Pero al abrir los ojos me di cuenta que los objetos que me
rodeaban eran otros. Por una cortina mal cerrada penetraba un
rayo de luz enceguecedor. La cama, un armario, un sofá,
una mesa y dos sillas de madera me parecieron de anticuario. Las
cortinas eran de un blanco lúgubre. Sobre la mesa,
destinada a servir de escritorio, había útiles de
escribir. Aquella habitación más austera que bella
me estremeció. Imaginé que así serían
los cuartos de los grandes hoteles. Algo muy distinto del
risueño cuartito donde dormía con mi madre, con
macetas de flores, un turpial en una jaula trinando alegremente y
el retrato de mi padre mirándonos con ternura. A pesar de
mis tristes pensamientos me levanté de la cama y
abrí la ventana. ¡Que cambio tan prodigioso!. Un
torrente de luz entró por ella y todos lo objetos antes
tristes tomaron vida, animación y colorido. Apoyé
mis codos en el reborde de la ventaja y me entregué a la
contemplación de la naturaleza. Al mirar el horizonte y
aspirar aquel aire fresco, con aroma de bosque, sentí
correr la sangre por mis venas con mayor fuerza, una nueva vida.
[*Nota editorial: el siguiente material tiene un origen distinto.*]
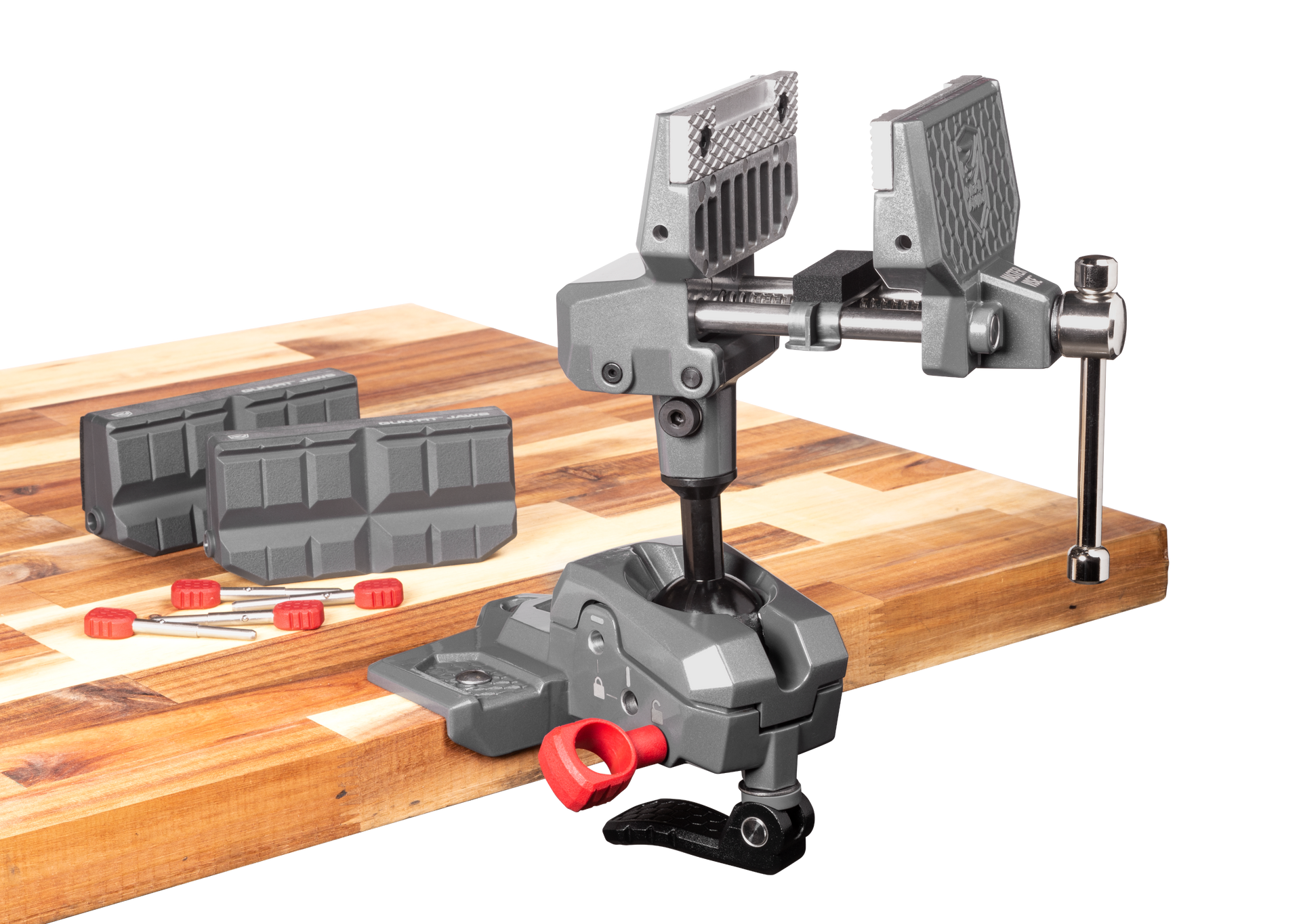 Multi-axis bench-mount vise with torq-lok: the first real bench vise made exclusively for guns and gun tools.Whether you're building and customizing, repairing and cleaning or mounting scopes and accessories, this vise improves every part of the gun diy experience.Quickly reposition your gun to any orientation without ever removing it from the vise.Insert the torq-lok pin for applying heavy force.Use the removable and reversible gun-fit jaw...View more

Aquel espectáculo me enloquecía, era uno de
aquellos momentos de felicidad en que verdaderamente disfrutaba
de la dulzura de la vida.
Un recuerdo vino a mi mente, el de mi madre. Y
ensombreció aquel hermoso cuadro. Una pobre mártir
inclinada todo el tiempo sobre una mesa de planchar en cuartos
malsanos. Cómo extrañaba ahora su tierna y
permanente solicitud. Con estos pensamientos tristes me
retiré de la ventana y me puse a arreglar el cuarto.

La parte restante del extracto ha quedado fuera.